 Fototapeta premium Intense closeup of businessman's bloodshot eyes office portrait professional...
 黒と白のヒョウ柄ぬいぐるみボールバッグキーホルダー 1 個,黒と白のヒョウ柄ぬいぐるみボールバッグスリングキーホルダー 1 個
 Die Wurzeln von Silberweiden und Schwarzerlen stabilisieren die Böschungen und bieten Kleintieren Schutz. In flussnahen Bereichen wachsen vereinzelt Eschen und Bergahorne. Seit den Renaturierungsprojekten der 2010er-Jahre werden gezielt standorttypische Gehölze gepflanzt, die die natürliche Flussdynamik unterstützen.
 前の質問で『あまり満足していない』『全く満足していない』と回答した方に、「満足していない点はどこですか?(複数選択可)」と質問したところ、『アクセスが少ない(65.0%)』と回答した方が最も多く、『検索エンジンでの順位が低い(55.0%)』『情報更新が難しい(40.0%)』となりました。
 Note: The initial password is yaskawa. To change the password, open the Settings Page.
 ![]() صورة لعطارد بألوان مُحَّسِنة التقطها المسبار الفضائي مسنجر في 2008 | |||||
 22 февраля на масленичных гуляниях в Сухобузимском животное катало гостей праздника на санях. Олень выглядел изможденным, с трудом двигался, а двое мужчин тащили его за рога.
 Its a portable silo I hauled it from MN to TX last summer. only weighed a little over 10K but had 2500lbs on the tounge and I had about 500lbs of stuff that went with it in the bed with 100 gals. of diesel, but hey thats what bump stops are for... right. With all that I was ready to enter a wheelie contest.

...

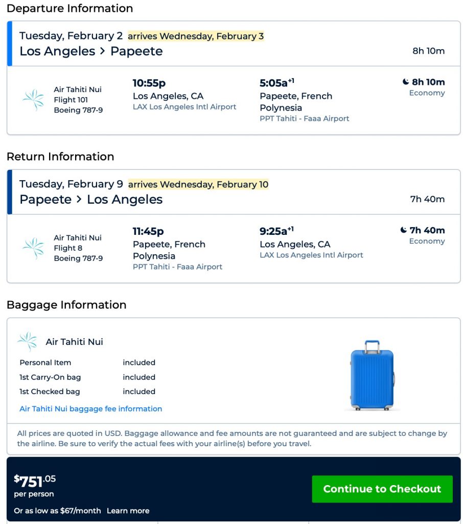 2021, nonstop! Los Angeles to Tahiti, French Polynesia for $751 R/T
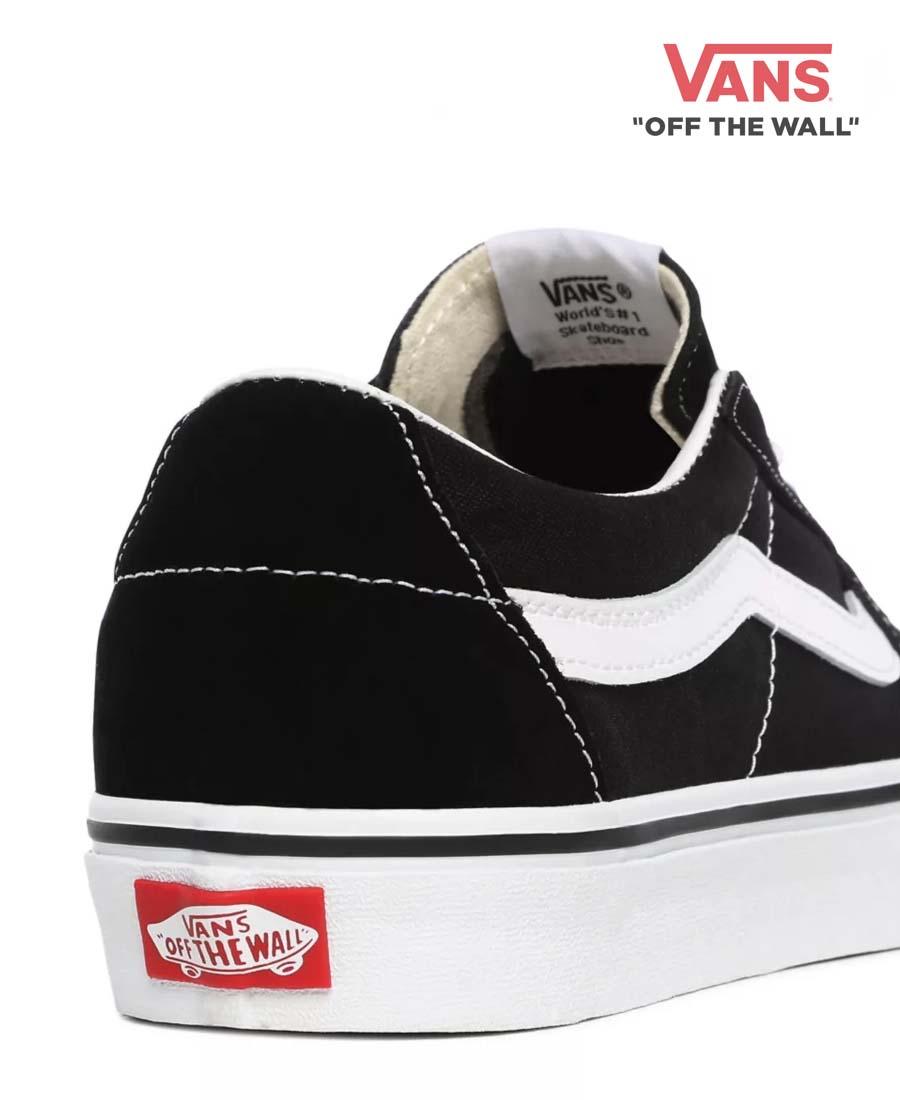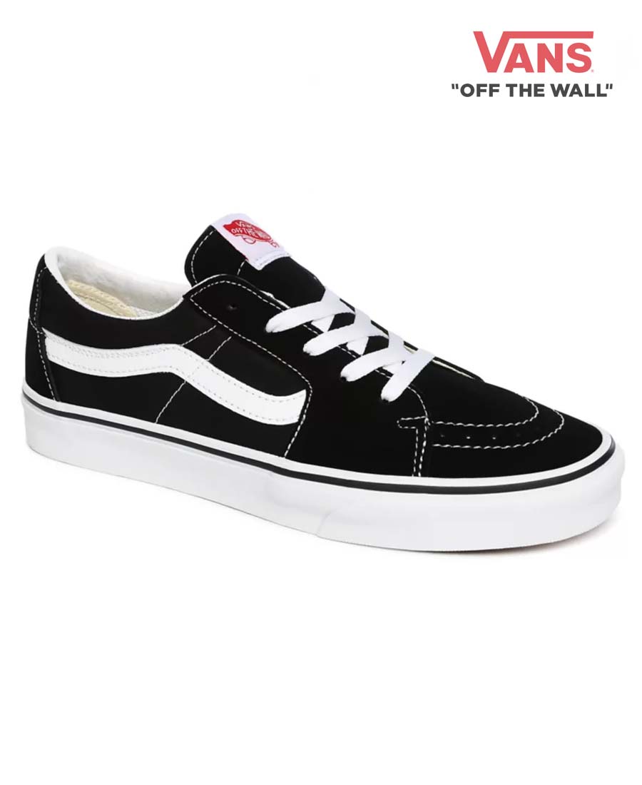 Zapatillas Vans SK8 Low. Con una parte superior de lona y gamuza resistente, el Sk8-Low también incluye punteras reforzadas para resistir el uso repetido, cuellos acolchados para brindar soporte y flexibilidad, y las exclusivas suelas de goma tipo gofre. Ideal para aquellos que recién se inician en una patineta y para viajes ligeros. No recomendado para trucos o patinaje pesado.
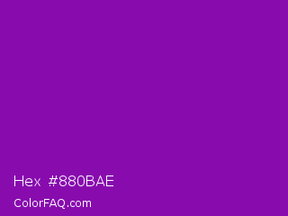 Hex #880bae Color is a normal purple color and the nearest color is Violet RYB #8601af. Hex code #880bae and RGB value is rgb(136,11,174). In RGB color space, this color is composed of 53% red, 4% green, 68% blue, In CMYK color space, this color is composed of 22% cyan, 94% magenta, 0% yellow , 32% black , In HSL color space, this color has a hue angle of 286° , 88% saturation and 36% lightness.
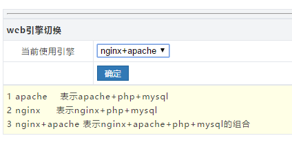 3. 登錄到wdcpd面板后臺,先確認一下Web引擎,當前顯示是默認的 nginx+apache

### WORK TO BE COMPLETED
Within the listing above, extract exactly the lines from the line with "Die Wurzeln von" to the line with "في 2008 | |||||", the two named lines included, and no others.

### COMPLETED TASK
 Die Wurzeln von Silberweiden und Schwarzerlen stabilisieren die Böschungen und bieten Kleintieren Schutz. In flussnahen Bereichen wachsen vereinzelt Eschen und Bergahorne. Seit den Renaturierungsprojekten der 2010er-Jahre werden gezielt standorttypische Gehölze gepflanzt, die die natürliche Flussdynamik unterstützen.
 前の質問で『あまり満足していない』『全く満足していない』と回答した方に、「満足していない点はどこですか?(複数選択可)」と質問したところ、『アクセスが少ない(65.0%)』と回答した方が最も多く、『検索エンジンでの順位が低い(55.0%)』『情報更新が難しい(40.0%)』となりました。
 Note: The initial password is yaskawa. To change the password, open the Settings Page.
 ![]() صورة لعطارد بألوان مُحَّسِنة التقطها المسبار الفضائي مسنجر في 2008 | |||||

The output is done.